Has Creepypasta Reinvented Classic Folklore?

If you ever read a story online about a haunted TV episode, you've already eaten the creepypasta. Scary viral stories, images, and vids, often very short, are creepypasta — some will scare you so much that they've been nicknamed "shitbrix." And they could be the closest thing we have to folklore in the twenty-first century.

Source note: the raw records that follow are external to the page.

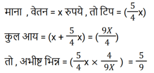 14. एक ब्यूटीशियन की आय में उसका वेतन और उसकी सेवाओं के लिए मिलने वाली युक्तियाँ शामिल होती हैं। एक विशेष सप्ताह के दौरान, यदि उसकी युक्तियाँ उसके वेतन का 5/4 थी, तो उसकी आय का कितना अंश युक्तियों से आया? [RRB NTPC 01/02/2021 (Morning)]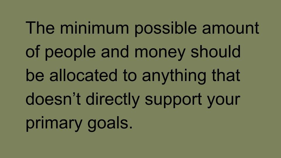 Any dollar or hour spent on efforts that do not advance your biggest opportunity should be reallocated until that opportunity is fully funded and staffed.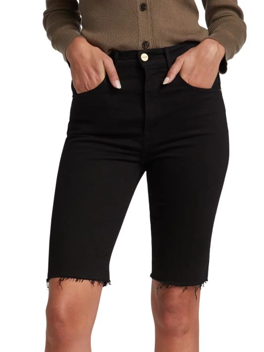 Soft stretch cotton denim shorts with a flattering Bermuda silhouette.

Over at Aeon magazine, Will Wiles has a really fascinating meditation on creepypasta, where he describes some of the best examples of the medium. Perusing the collection at the Creepypasta Wiki, Wiles notes how closely they resemble H.P. Lovecraft's definition of weird fiction. In his essay "Supernatural Horror in Literature," Lovecraft wrote:

A certain atmosphere of breathless and unexplainable dread of outer, unknown forces must be present; and there must be a hint, expressed with a seriousness and portentousness becoming its subject, of that most terrible conception of the human brain — a malign and particular suspension or defeat of those fixed laws of Nature which are our only safeguard against the assaults of chaos and the daeligmons [demons] of unplumbed space.

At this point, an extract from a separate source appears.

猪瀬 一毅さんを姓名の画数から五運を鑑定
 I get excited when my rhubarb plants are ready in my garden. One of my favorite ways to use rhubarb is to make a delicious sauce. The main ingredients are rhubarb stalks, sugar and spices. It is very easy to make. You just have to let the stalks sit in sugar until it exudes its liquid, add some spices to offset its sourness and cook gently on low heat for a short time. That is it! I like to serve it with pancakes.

Has Creepypasta Reinvented Classic Folklore?

The Slender Man stories and images are perhaps the most famous creepypasta. You can see one of the first Slender Man images here, with a scary, tall, enigmatic figure lurking at the edge of a playground, menacing the children. Slender Man emerged from ideas shared among users on the Something Awful forums, spread like wildfire, and became so famous that there's a Slender Man movie in the works. The hallmark of creepypasta is that these are scary tales designed to be shared, and which often have no obvious original story behind them. French cultural critic Jean Baudrillard would call them simulacra, or copies without an original.

Though creepypasta can be about anything, they are often about storytelling itself. Writes Wiles in Aeon:

Creepypasta works best when the medium infects the message — in fact, when the messageboard infects the message, and you get a sense of the internet starting to talk about itself. Since these stories are shared on forums, why not use the direct and unliterary vernacular of the everyuser to tell your story, putting it as an anecdote? Which isn't to say that the story can't be subtle and intelligent. Kris Straub's 'Candle Cove', a 'lost TV show' story and certainly among the best creepypasta out there, does exactly this. An obscure children's television programme is discussed by members of 'NetNostalgia Forum — Television (local)'. Each message elaborates and clarifies the premise and cast of the show as users reminisce and correct one another. Candle Cove quickly begins to sound more like a nightmare than innocent entertainment, with a swivel-eyed, loose-jawed puppet called the Skin Taker, and unexplained screaming and crying. Indeed, users who recall bad dreams about the show are told by other users that those 'dreams' were real episodes. The last message in the thread delivers a chilling twist with Twilight Zone precision and force. And it's done without the '500 kids killed themselves!' excess that generally plagues the 'lost episode' subgenre.

Though horror movies like The Ring and Pulse have dealt with haunted videocassettes and internet chat rooms respectively, Wiles is right that creepypasta pretty much owns the "terrifying media" tale. He speculates that possibly this is because creepypasta itself is the ultimate expression of industrialized media culture:

Creepypasta represents a kind of industrialised refinement of [weird fiction] art. It is a networked effort to deliver dread in as efficient a way as possible, with the minimum of extraneous matter.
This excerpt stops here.